Run RaceID and StemID analysis

stem <- Ltree(sc) stem <- compentropy(stem) stem <- projcells(stem, cthr = 5, nmode = FALSE) stem <- projback(stem, pdishuf = 100) stem <- lineagegraph(stem)

stem <- comppvalue(stem, pthr = 0.05)

Identify stem cell clusters

stemID_scores<- compscore(stem)

dgrun commented 2 months ago

The reason you get more clusters is the outlier identification step. If you would like to avoid outlier clusters, then set the probability threshold for outlier detection to zero:

sc <- findoutliers(sc,probthr=0)

sbarvaux commented 2 months ago

Thank you for the proposition, I will try this in my next run.
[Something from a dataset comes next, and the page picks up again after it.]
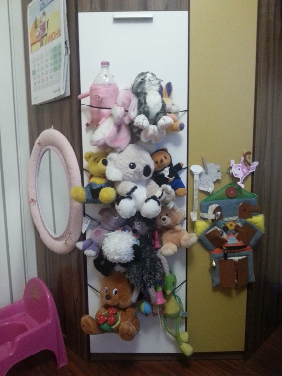 Надо сказать, что мягкие игрушки мы используем часто в ролевых играх. Поэтому они должны быть в доступе. Но где же их хранить, если выкраиваешь каждый миллиметр горизонтальной поверхности.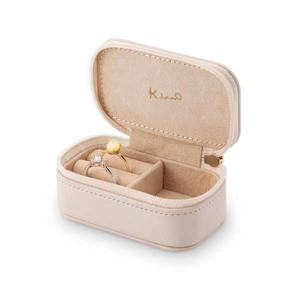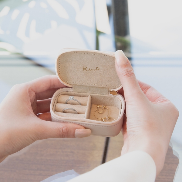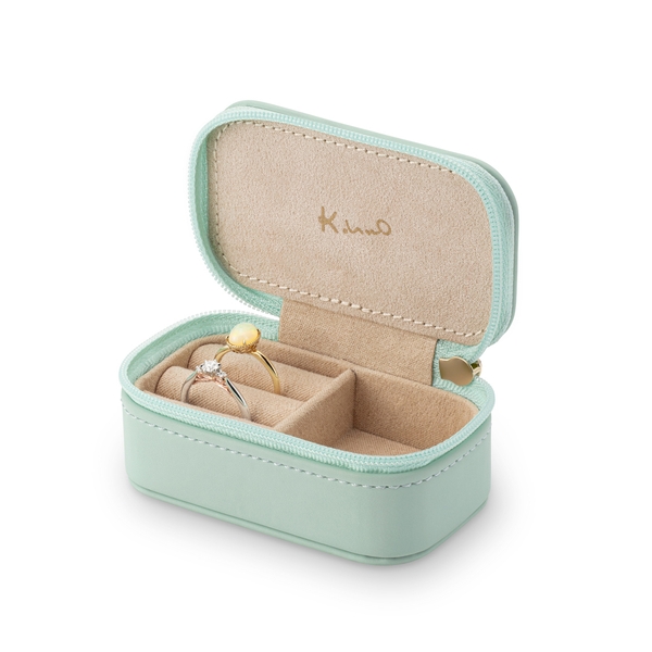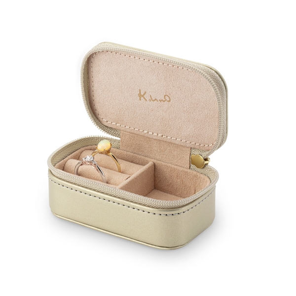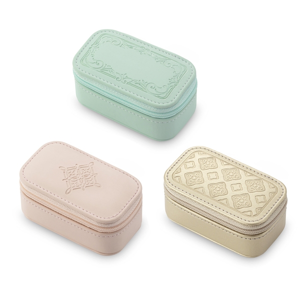トレンドのニュアンスカラー「アイスグリーン」「パウダーピンク」「シャンパンゴールド」に、天面の模様は異なるデザインで展開。バッグにしのばせてお出かけしたり、ご自宅でジュエリーを収納することに使用できるアイテムです。

I tried also to apply your code from this : https://github.com/dgrun/StemID/issues/7 to directly export my seurat clusters, however, I encounter this error : with the projecells function

Error in .rowNamesDF<-(x, value = value) : invalid 'row.names' length

Is there a way to fix this issue ?

Thanks in advance

dgrun commented 2 months ago

I would need sample code with data to check the probelm...

sbarvaux commented 2 months ago

I am sending you an email now to your email address dominic.gruen@uni-wuerzburg.de with a subset of my data

Thanks !

dgrun commented 1 month ago

Hi, your code is fine, but the problem is that your cluster numbers for Seurat are incomplete:

part <- as.numeric(combined@meta.data$seurat_clusters) sort(unique(part)) [1] 1 2 3 5 6 7 8 10 11

You are lacking clusters 4 and 9. RaceID/StemID expect all numbers between 1 and 11. Maybe you could rename clusters from 1 to 9.